[SUPPLIED DATA]
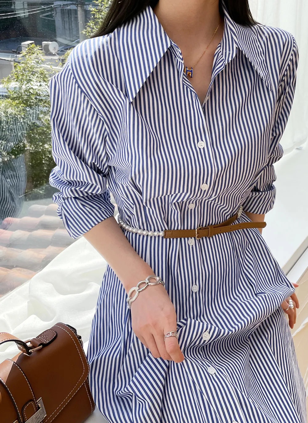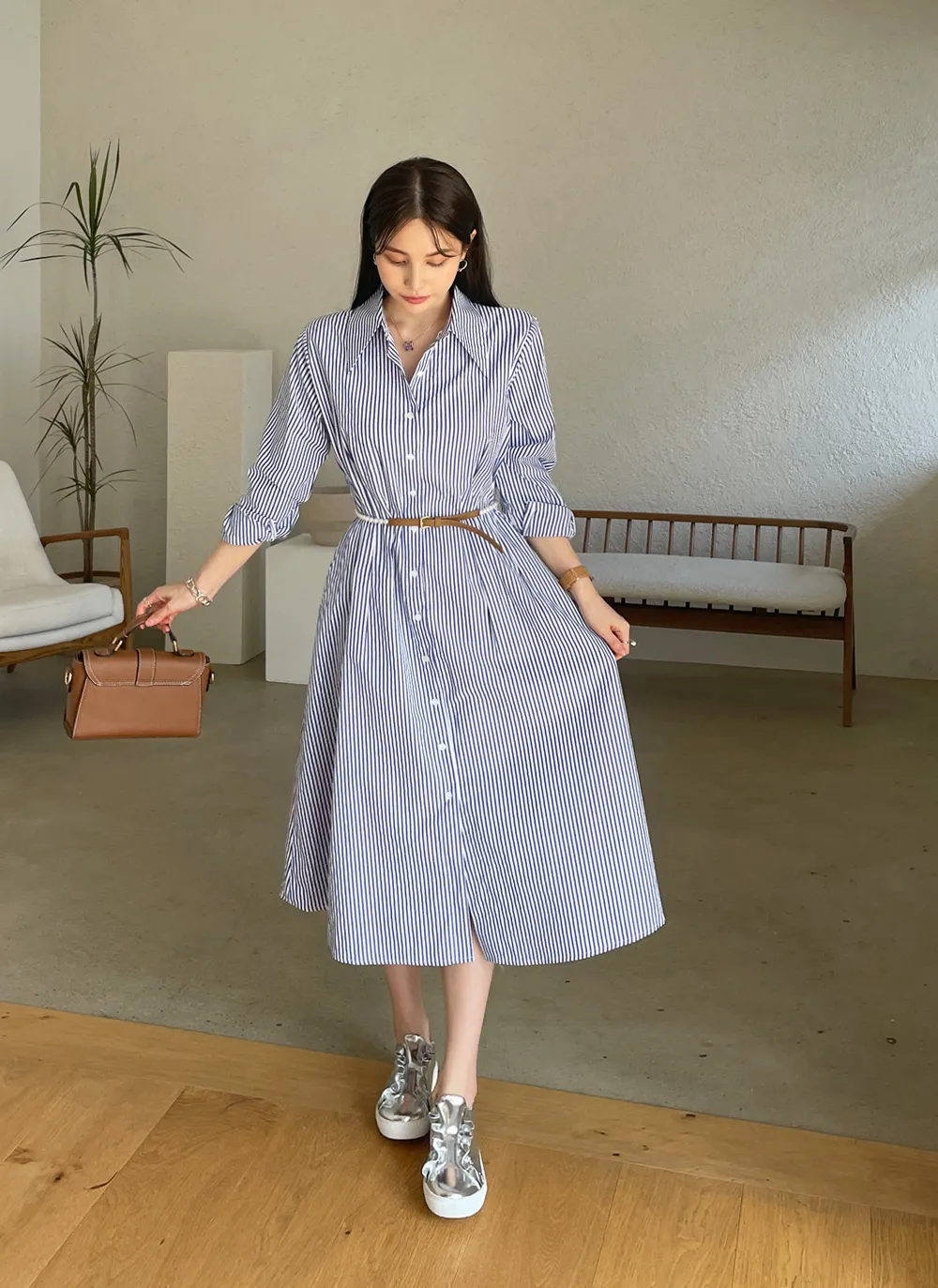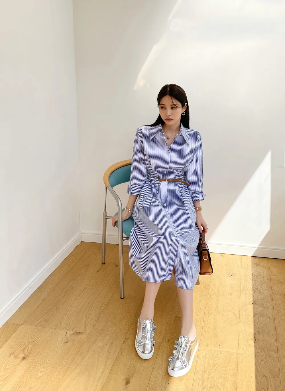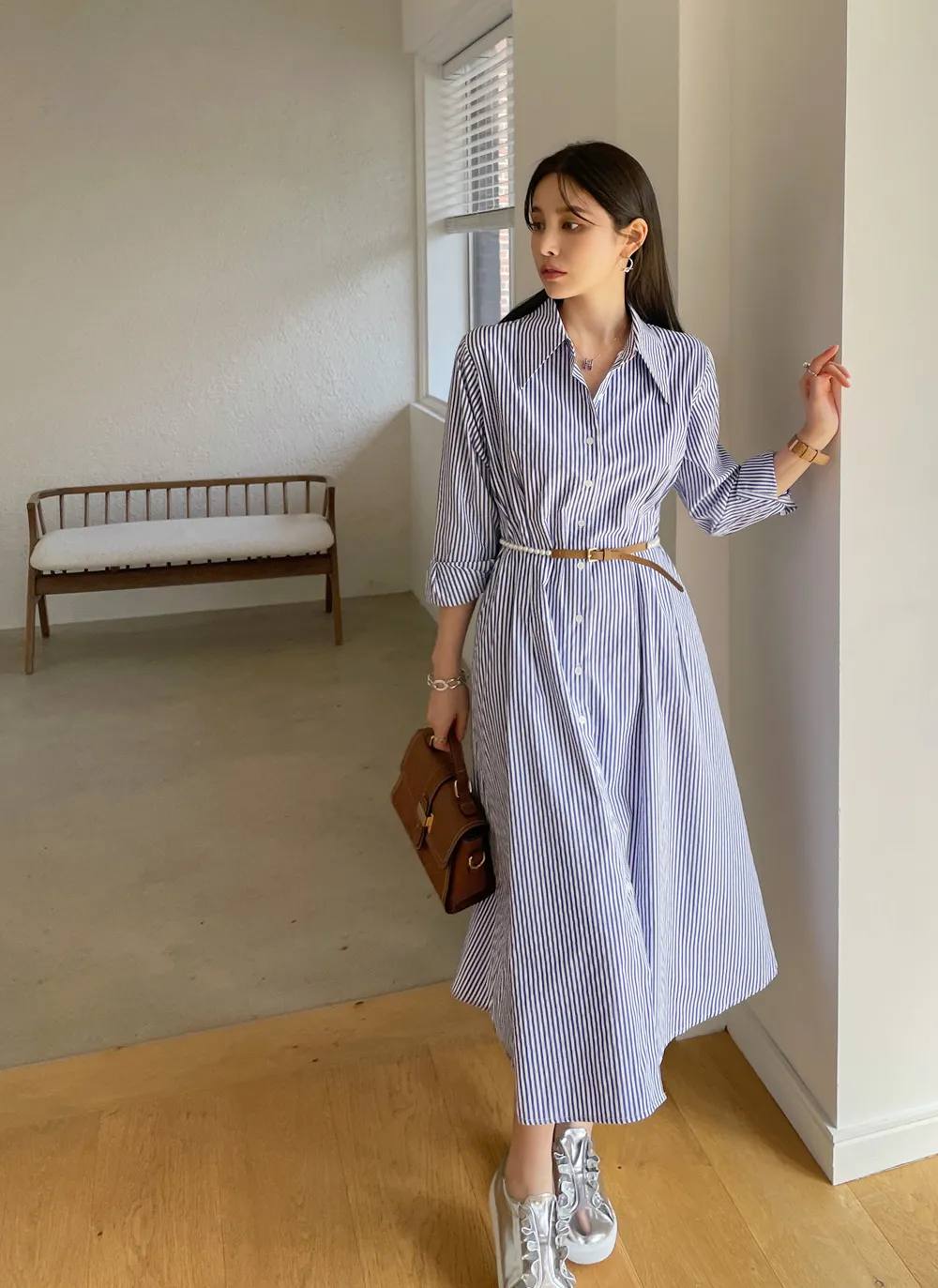 様々なスタイリングが可能なシャツワンピース。
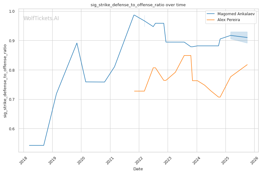 | Significant Striking Defense to Offense Ratio | 89.07% | 81.74% | 76.58% | |
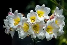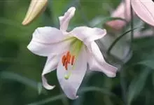 麝香百合:在中国台湾亦称铁炮百合。鳞茎球形或近球形,高2.5-5厘米;鳞片白色。茎高45-90厘米,绿色,基部为淡红色。叶散生,披针形或矩圆状披针形,两面无毛。花单生或2-3朵;花喇叭形,白色,筒外…全部>>
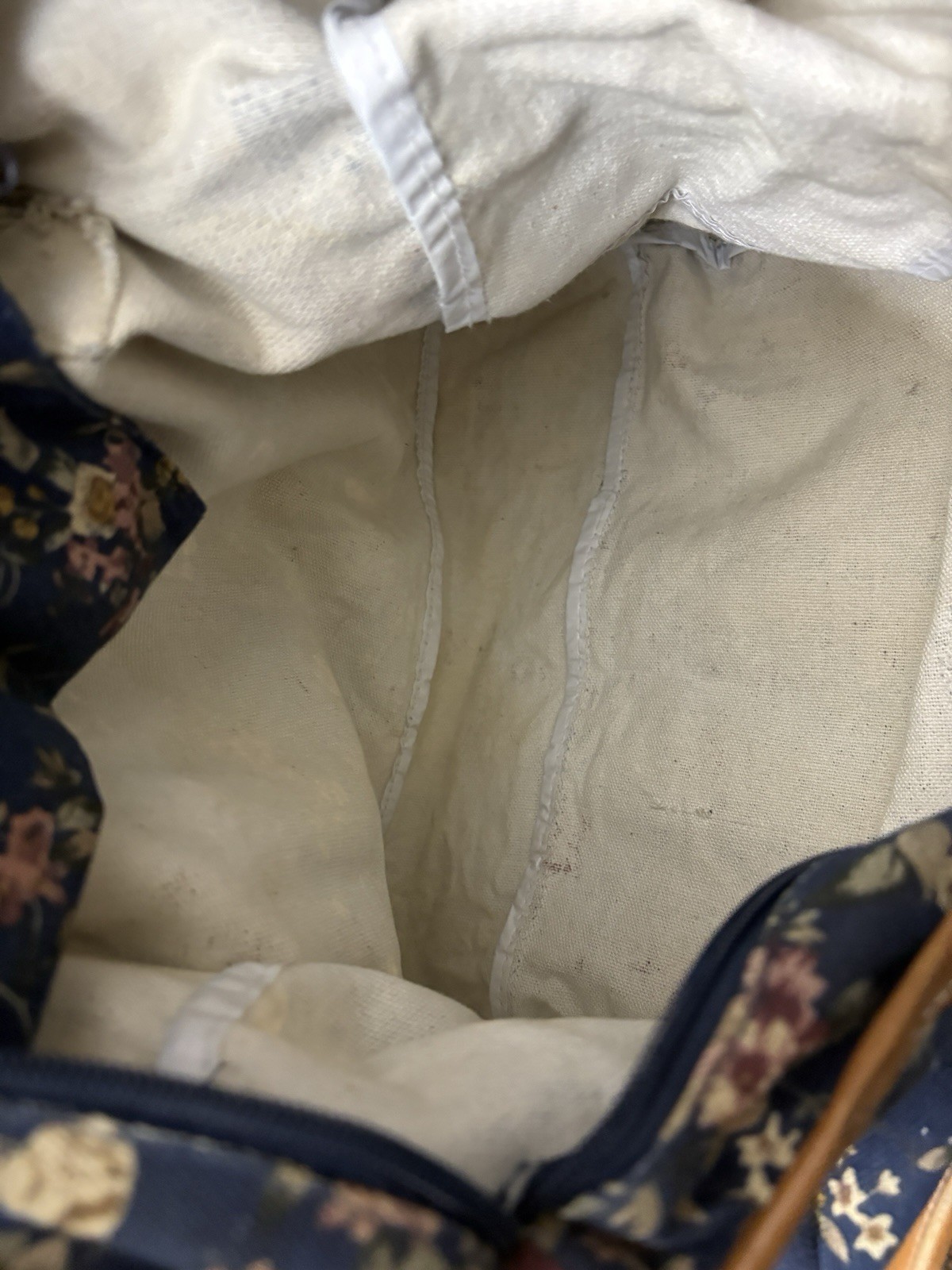 Carpetbags of America Blue Floral Rose Canvas Tapestry Bag Purse Leather Braid
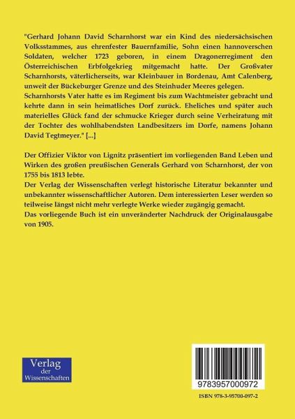 Der Offizier Viktor von Lignitz präsentiert im vorliegenden Band Leben und Wirken des großen preußischen Generals Gerhard von Scharnhorst, der von 1755 bis 1813 lebte.
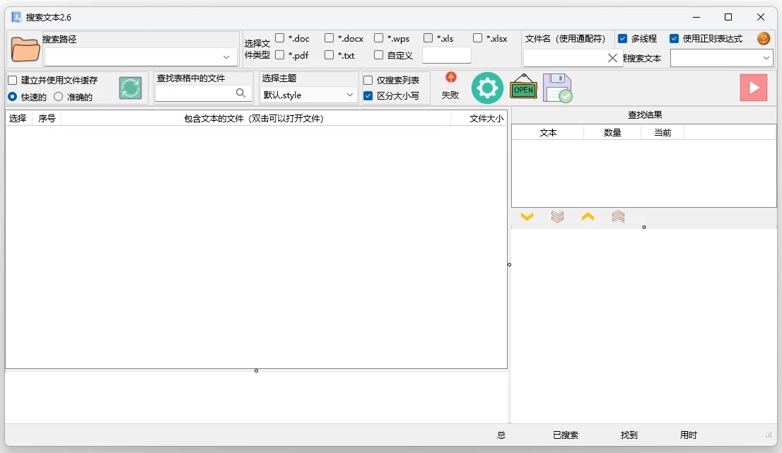 搜索文本是一款从word、wps、excel、pdf和txt文件中查找文本的工具,可以批量从doc、docx、wps、xls、xlsx、pdf和txt文件中查找关键文本,支持一次查找多个关键字(关键字之间是或者的关系),用逗号分隔,支持正则表达式,也可以在已有列表中查找。
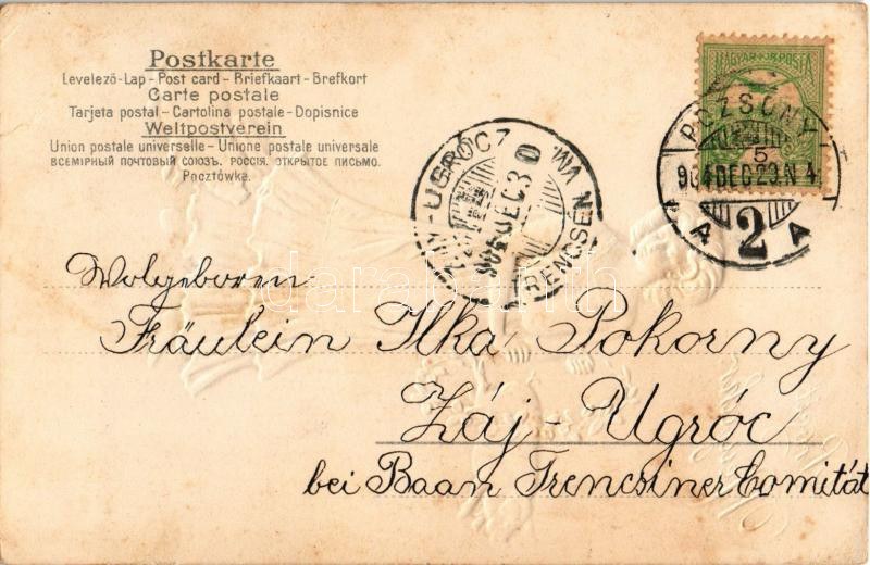 1904 Prosit Neujahr / Lady with pig New Year greeting postcard. Emb (EB)
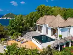 Cape Shark is located in one of the most beautiful locations on Koh Tao. The signature white villas.. have stunning views of Shark Bay. Each villa has a private infinity pool. Inside the villa, there is also a private balcony with a dining area and a relaxing sunbathing area. Enjoy the atmosphere of the Gulf of Thailand, which is as beautiful as the Andaman Sea. #Koh Tao accommodation with a beautiful view and comfortable sleep
[/SUPPLIED DATA]
→ AIM OF THE EXERCISE: Transcribe exactly the line that contains "1904 Prosit Neujahr" and each line after it through the end of the listing. Leave out the pictures.

→ FINISHED TASK:
 1904 Prosit Neujahr / Lady with pig New Year greeting postcard. Emb (EB)
 Cape Shark is located in one of the most beautiful locations on Koh Tao. The signature white villas.. have stunning views of Shark Bay. Each villa has a private infinity pool. Inside the villa, there is also a private balcony with a dining area and a relaxing sunbathing area. Enjoy the atmosphere of the Gulf of Thailand, which is as beautiful as the Andaman Sea. #Koh Tao accommodation with a beautiful view and comfortable sleep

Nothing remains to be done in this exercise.